Hi, we have RNA-Seq data from Illumina HiSeq 2000. Based on Illumina RNA-seq library protocol that we follow, the range of insert length is 120-210 bp, median insert length: 155 bp.
After doing an alignment with tophat, I got the stats on the insert based on the resulting BAM file.Based on the result, it seems that the median insert size is larger than 155bp. For tumor, the median insert size is 188bp, and for control sample, it is 280bp.

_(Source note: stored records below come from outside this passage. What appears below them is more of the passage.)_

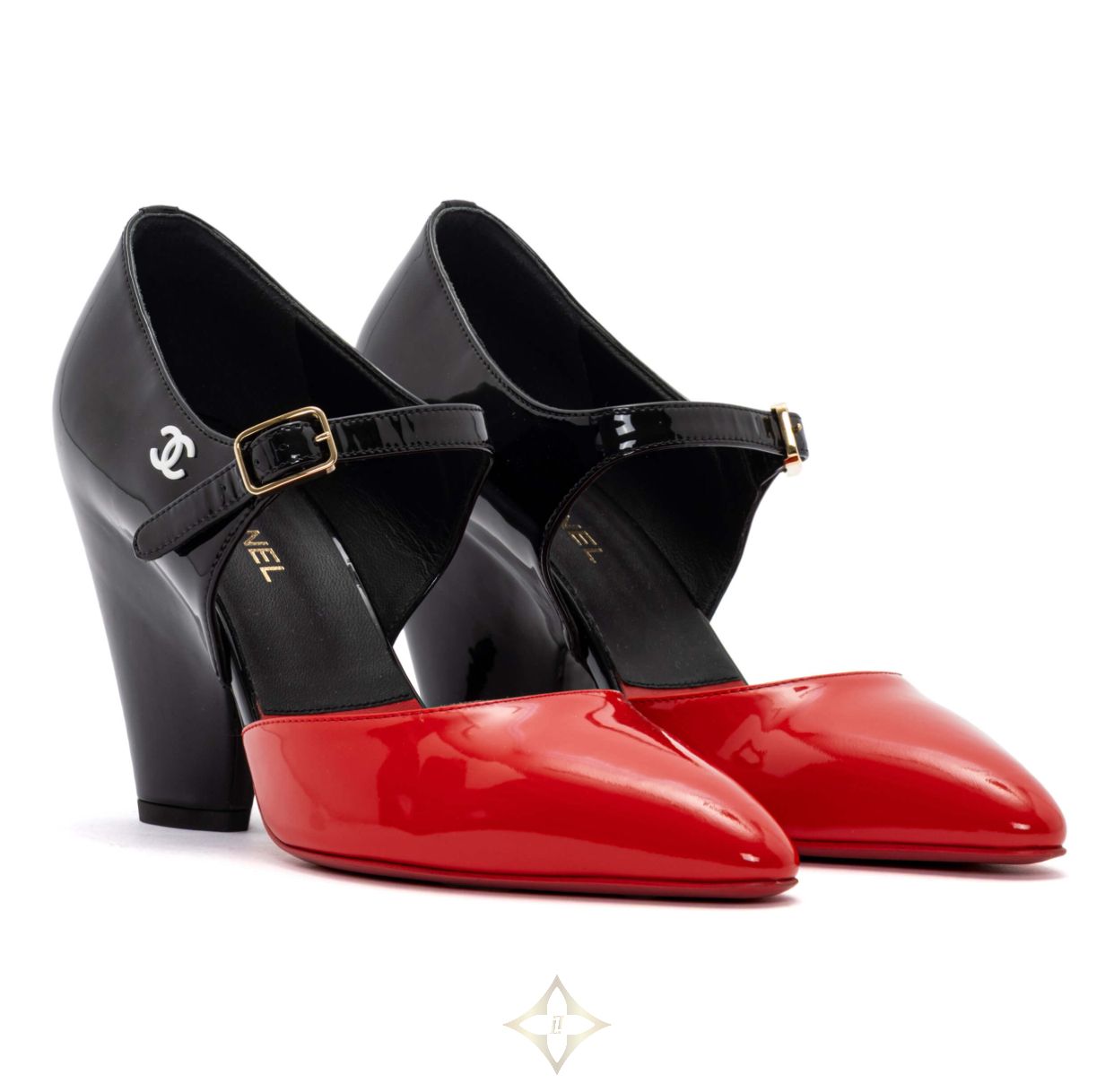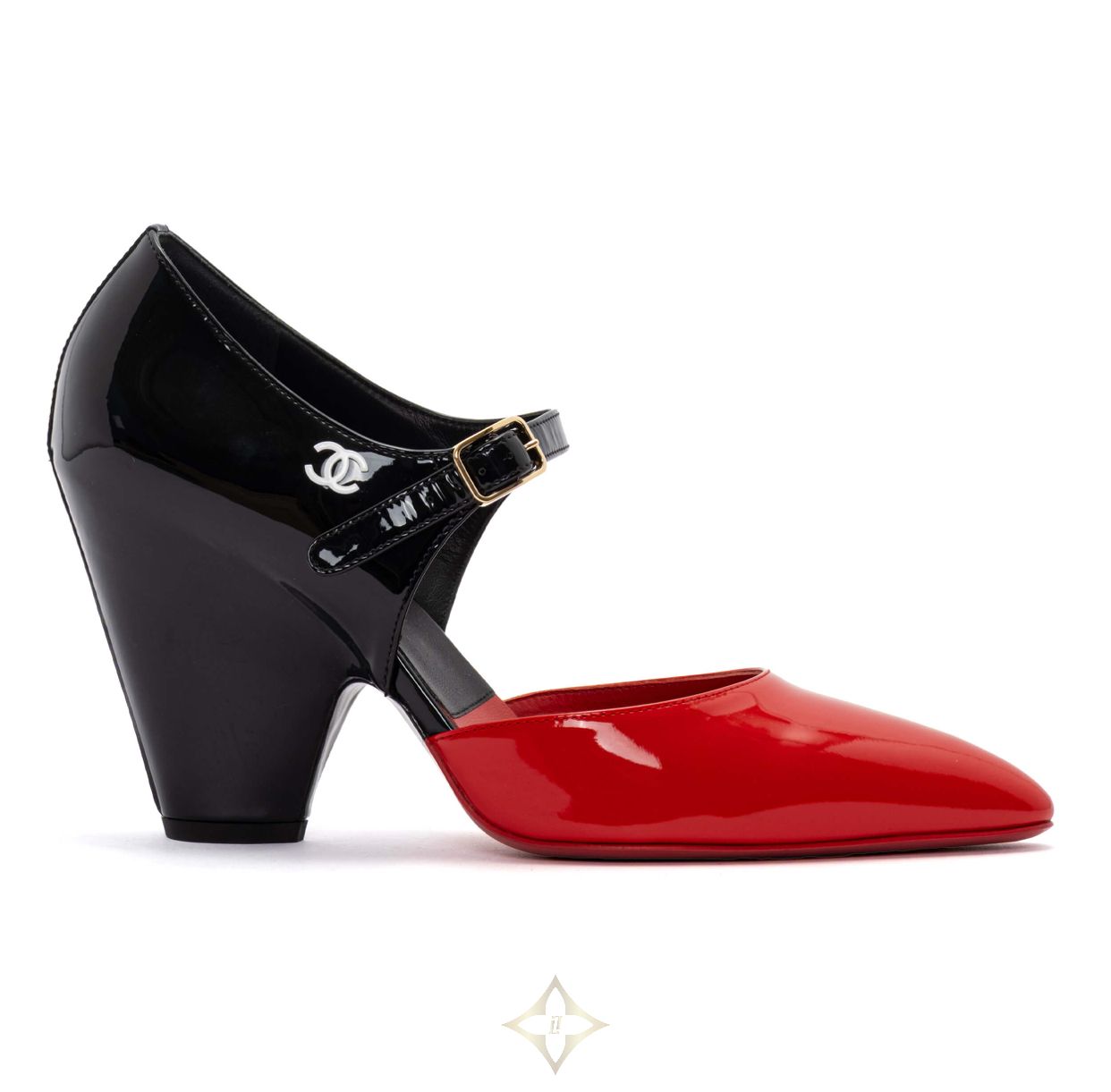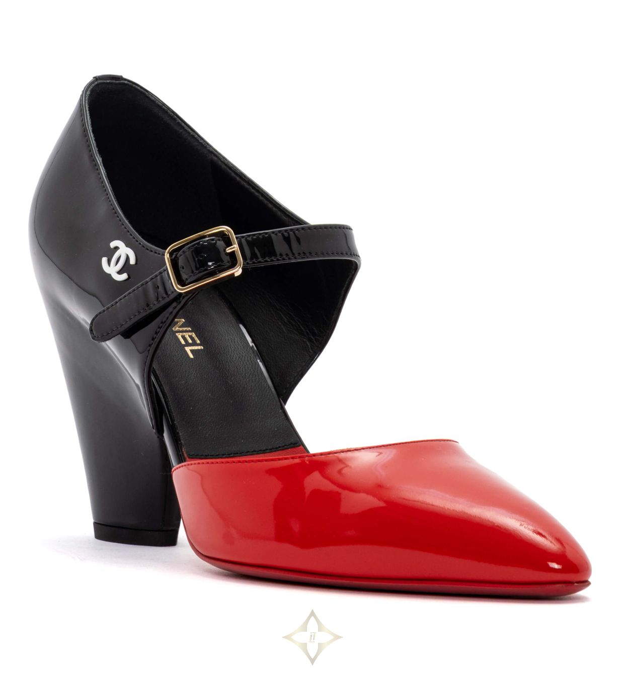 Chanel – Red & Black Patent Leather Mary Jane Pumps / 38 SA2651 | Istanbul 🇹🇷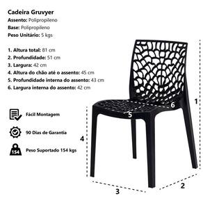Cadeira Gruvyer Nude Sala Cozinha Jantar Modelo: Cadeira Gruvyer Nude Assento: Polipropileno Base: Polipropileno Profundidade: 51 cm Largura: 42 cm Altura Total: 81 cm Altura do Chão Até o Assento: 45 cm Profundidade Interna do Assento: 43 cm Largura Interna do Assento: 42 cm Peso Máx. Recomendado: 120 kgs Peso unitário: 5 kgs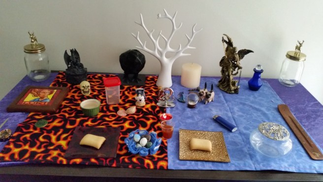A photo of my altar setup. I made an offering of black tea and fruit-filled biscuits for Hela and Loki today (the tea doesn’t look black, in the photo, I know).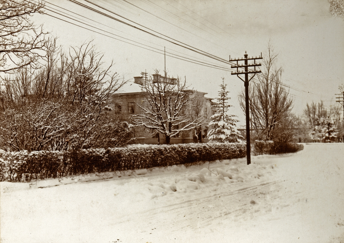 Den lilla järnvägsparken vid Norra Järnvägsgatan, med Växjö järnvägsstation i bakgrunden. Ca. 1910-tal.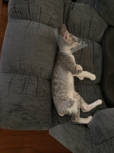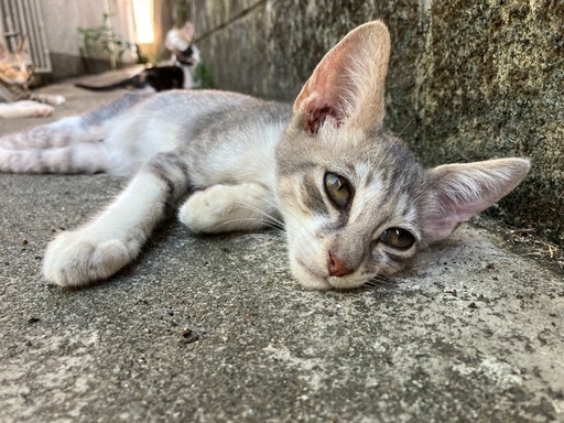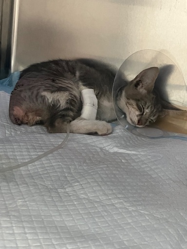◆現在に至る経緯&性格や特徴この子のお母さんは、8月の終わりに事故にあい亡くなりました。推定誕生日は、6月15日です。現在1.4kg(9月21日に動物病院にて測定)現在3ヶ月を過ぎたオスです!お母さんネコが亡くなる前に離乳出来ました。発育が良く活発になっています。脚力もついてきました。動物病院での血液検査で問題なし。猫HIV、猫白血病はともに陰性です。動物病院にて、爪切り、耳掃除、ノミ・ダニ薬投与、1回目のワクチン接種(9月22日)済み。9月21日昼に、命に関わる大怪我を負いながらも、自力で戻って来ました。その日のうち緊急手術を受け、重篤な感染症を防ぐ目的で、獣医さんの判断で尻尾を根本から切断する事となりました。後遺症はないです。背中に5cmに渡る深い裂傷と、顎の下に3cmの深い裂傷があった為、縫合する必要がありました。運良く骨折はなく、元気になりました。抜糸日が9月29日で、それまでには現在飲んでいる薬も終わります。去勢手術が出来る年齢に達していないので、今回は地域ネコになる為の手術は出来ませんでした。室内飼いをして下さる方を探しています。対面&触れ合い希望の方、ご質問のある方は、お気軽にメッセージをください。宜しくお願いします🐾人懐っこいです!◆健康状態食欲旺盛缶詰もドライフードもちゅーるも大好き❤目やになし&口臭なし飼主不在確認済み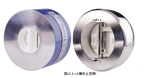 蝶形止回閥或雙盤(pán)式止回閥克服了擺動(dòng)式及碟片式止回閥的口徑和壓降限制,懸啟式止回閥的閥瓣被 一分為二,在中間鉸接。這樣兩個(gè)碟片只能在一個(gè)方向擺動(dòng),碟片靠裝在鉸鏈上的紐彈簧壓在閥座上。 為了能在流道中心有一個(gè)鉸鏈,需在外面安裝一個(gè)固定銷(xiāo),這樣就會(huì)引起閥門(mén)的泄漏,設(shè)計(jì)改進(jìn)后 可在里面安裝,流體就可以密封在閥體內(nèi)部,不會(huì)泄漏到外面(見(jiàn)圖12.3.13)。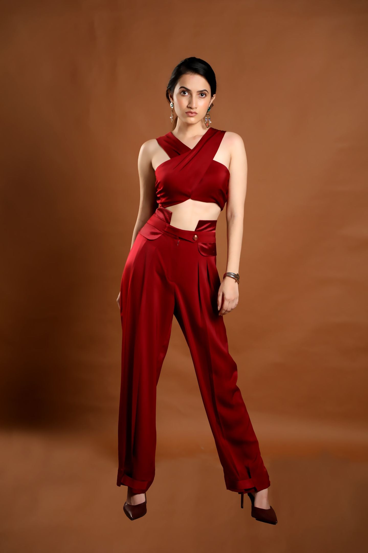 Our best seller high waisted pants that transforms from a day to an evening look when styled with a white shirt during the day or a crop top in the evening.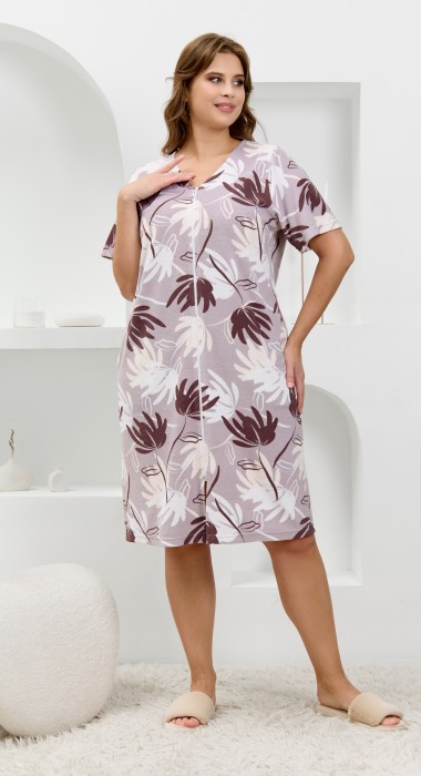 Халат женский из трикотажного полотна «махра» с набивным рисунком. Изделие прямого силуэта, с короткими втачными рукавами, горловиной V- образной формы, карманами в боковых швах и центральной бортовой застежкой на тесьму «молния».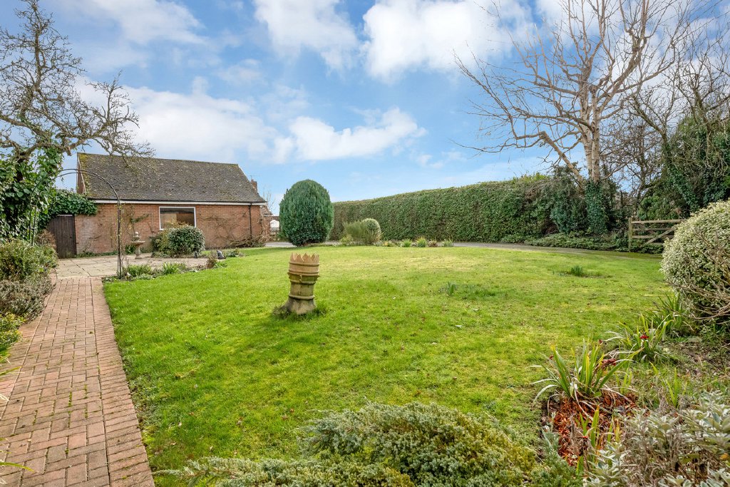 The property stands in mature grounds of 0.29 acres in total. Approached via a private gated driveway, Wisteria offers ample off-road parking to the front. The mature front garden is attractively enclosed by established hedging and brick walls, with a variety of plants and shrubs providing colour and privacy, alongside a pleasant patio seating area. To the rear, the garden is predominantly laid to lawn with an additional patio area. There is an oil tank discreetly positioned to the side of the property which serves the AGA.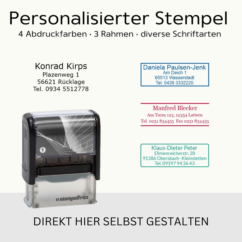 - Ob als Adressstempel, Namensstempel oder Firmenstempel, gestalten Sie sich selbst je nach Bedarf ihren eigenen Stempel inkl. Namen, Adresse, Telefon, Mobilnummer, E-Mail, Steuernummer, Bankverbindung uvm.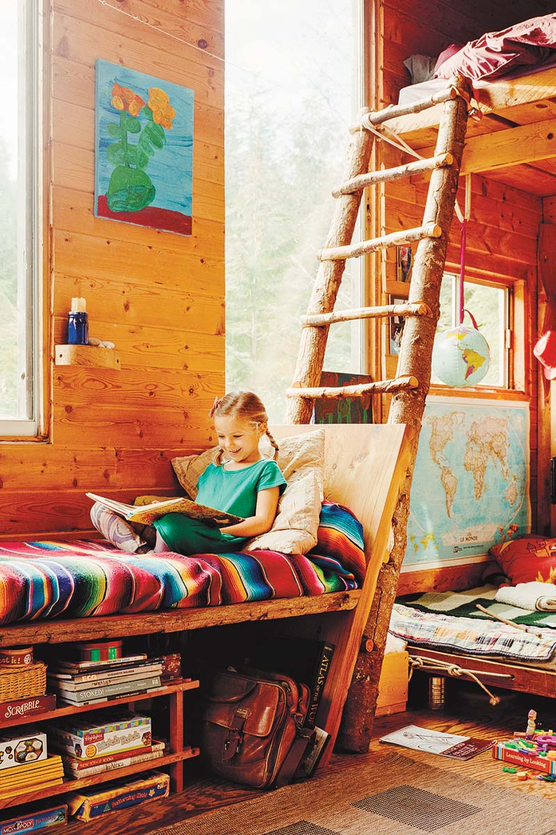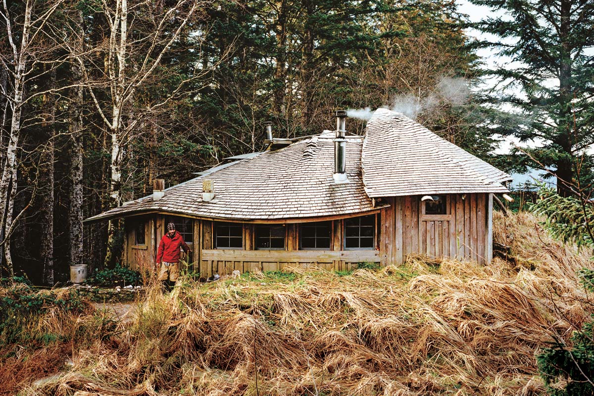 With “almost no building experience,” Pete built a 20-by-20-foot one-room cabin. It was bush building at its finest. “All I had was a hammer, a chainsaw, and a combination square. Pretty sure I had a level, but a really small one.” The clearing, which is backed by a skyline of old-growth forest in Naikoon Provincial Park next door, is tucked into a corridor of hemlock. A decade later, Pete’s spread now includes a stackwall bathhouse and a vegetable garden and serves as a weekend cottage during the school year for him, his wife, Laura, also a teacher, and their eight-year-old daughter, Layla. During the summers, they live out at the cottage and drive the 15 minutes back to their house in town to do laundry and (literally) recharge batteries.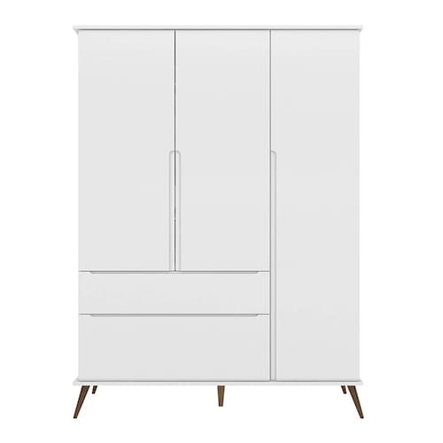 Construído com 100% MDF, este guarda-roupas é robusto e durável, pronto para resistir ao uso diário. Com três portas espaçosas e duas gavetas equipadas com corrediças telescópicas, oferece amplo espaço de armazenamento para roupas, calçados e acessórios. Além disso, possui um prático cabideiro para pendurar roupas.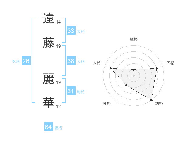 遠藤 麗華さんの総格は64画の1点!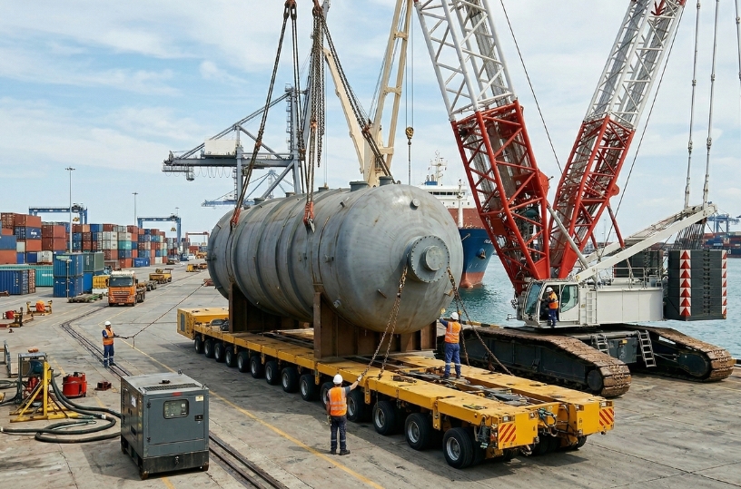 Use of cranes, heavy-lift vehicles, and custom rigging for safe cargo movement.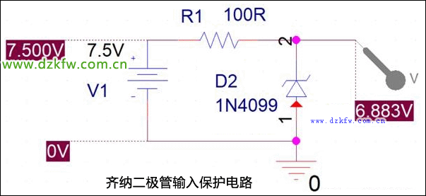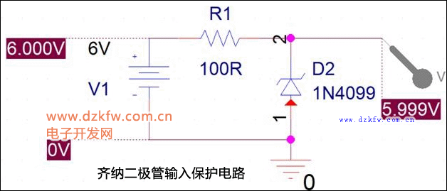 3、使用齊納二極管的過(guò)壓保護(hù)電路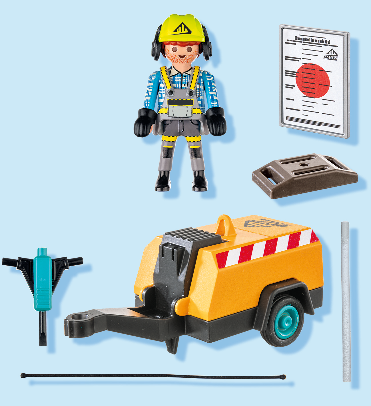 Vsebina: 1 človek z gradbeno čelado, 1 kompresor s priključkom za prikolico, 1 cev, 1 dleto, 1 znak za gradbišče s podstavkom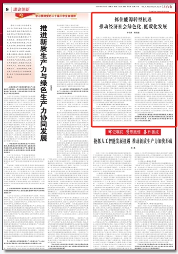 党的二十大报告指出,“推动经济社会发展绿色化、低碳化是实现高质量发展的关键环节”。要加快实现生产生活方式绿色变革,推动经济社会发展建立在资源高效利用和绿色低碳发展的基础之上。积极稳妥推进碳达峰碳中和,需要不断加快推进能源消费方式变革,不断探索规划建设新型能源体系。我市要以此为契机,开辟新赛道,提升非化石能源安全可靠替代能力,实现能源转型,形成风、光、水等多元化清洁能源供应体系,打造全国领先的能源转型新模式,为经济高质量发展提供源源不断的新动能。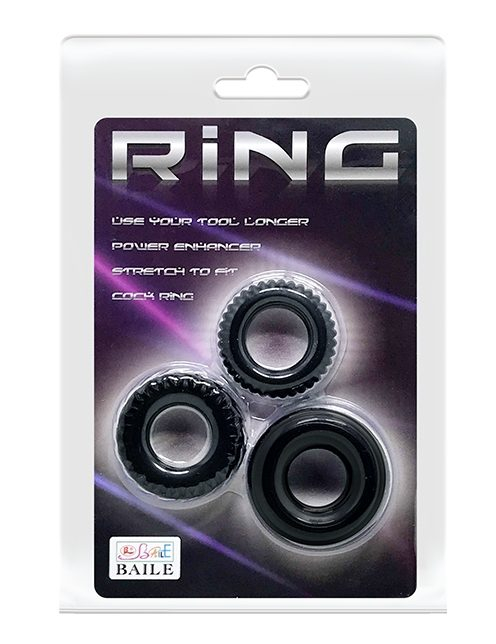 Набор из 3 силиконовых колец черного цвета различного диаметра и формы. Эластичные, легко растягиваются до необходимого размера.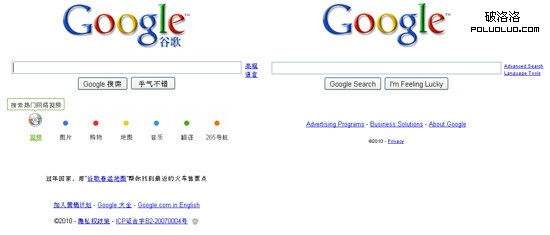 Google 以簡潔著稱,但比較一下 Google China 和 Google US 就能看多一些細微的差別: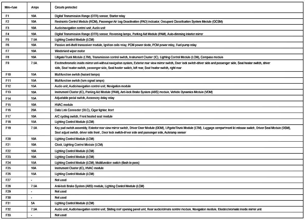 The fuse panel is located below and to the left of the steering wheel by the brake pedal. Remove the panel cover to access the fuses.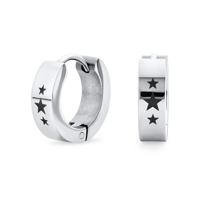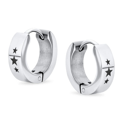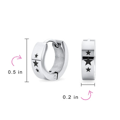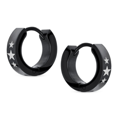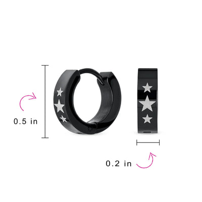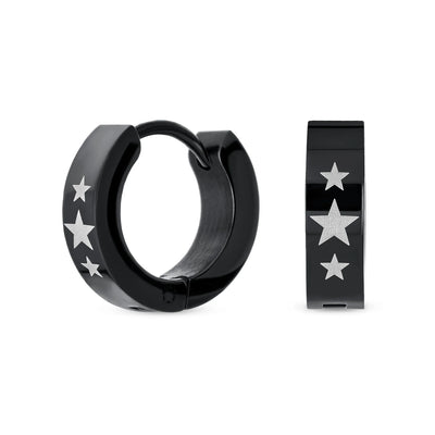 Mens Earrings Black IP Stainless Steel Biker Jewelry USA Stars Hoop Huggie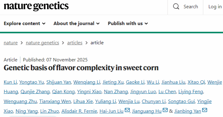 南湖新闻网讯(通讯员 李坤 刘海军)11月7日,国际学术期刊《自然-遗传学》(Nature Genetics)在线发表题为“Genetic basis of flavor complexity in sweet corn”(甜玉米风味复杂性的遗传基础)的研究文章,系统揭示了甜玉米风味形成的遗传基础。这项研究不仅打破了“甜即好吃”的传统育种观念,更提出了“风味设计”育种新方向,为培育既高产又美味的甜玉米品种、实现甜玉米产业高品质高效益升级提供了科学依据和技术路径。

The detailed results are as follows,
For tumor sample,
MEDIAN_INSERT_SIZE MIN_INSERT_SIZE MAX_INSERT_SIZE MEAN_INSERT_SIZE STANDARD_DEVIATION READ_PAIRS PAIR_ORIENTATION WIDTH_OF_10_PERCENT WIDTH_OF_20_PERCENT WIDTH_OF_30_PERCENT WIDTH_OF_40_PERCENT WIDTH_OF_50_PERCENT WIDTH_OF_60_PERCENT WIDTH_OF_70_PERCENT WIDTH_OF_80_PERCENT WIDTH_OF_90_PERCENT WIDTH_OF_99_PERCENT
188 75 227724412 721.727402 1451.554057 21582855 FR 25 49 71 91 113 143 253 1269 4501 41471
For control sample,
MEDIAN_INSERT_SIZE MIN_INSERT_SIZE MAX_INSERT_SIZE MEAN_INSERT_SIZE STANDARD_DEVIATION READ_PAIRS PAIR_ORIENTATION WIDTH_OF_10_PERCENT WIDTH_OF_20_PERCENT WIDTH_OF_30_PERCENT WIDTH_OF_40_PERCENT WIDTH_OF_50_PERCENT WIDTH_OF_60_PERCENT WIDTH_OF_70_PERCENT WIDTH_OF_80_PERCENT WIDTH_OF_90_PERCENT WIDTH_OF_99_PERCENT
280 74 242555584 394.905075 468.383792 50410660 FR 21 45 79 131 193 245 287 339 1491 14367
3762 74 242542706 3676.159079 492.235063 1560925 RF 11 19 27 41 65 79 101 6921 7299 20051069
So I wondered which insert size value I should use? And do I need to run TopHat again based on the insert size value from Picard? Thank you in advance.
Hi Arun, do you have any reference or paper for above method? Thanks.
Sorry, I just noticed the comment. Yes. Its used in BWA.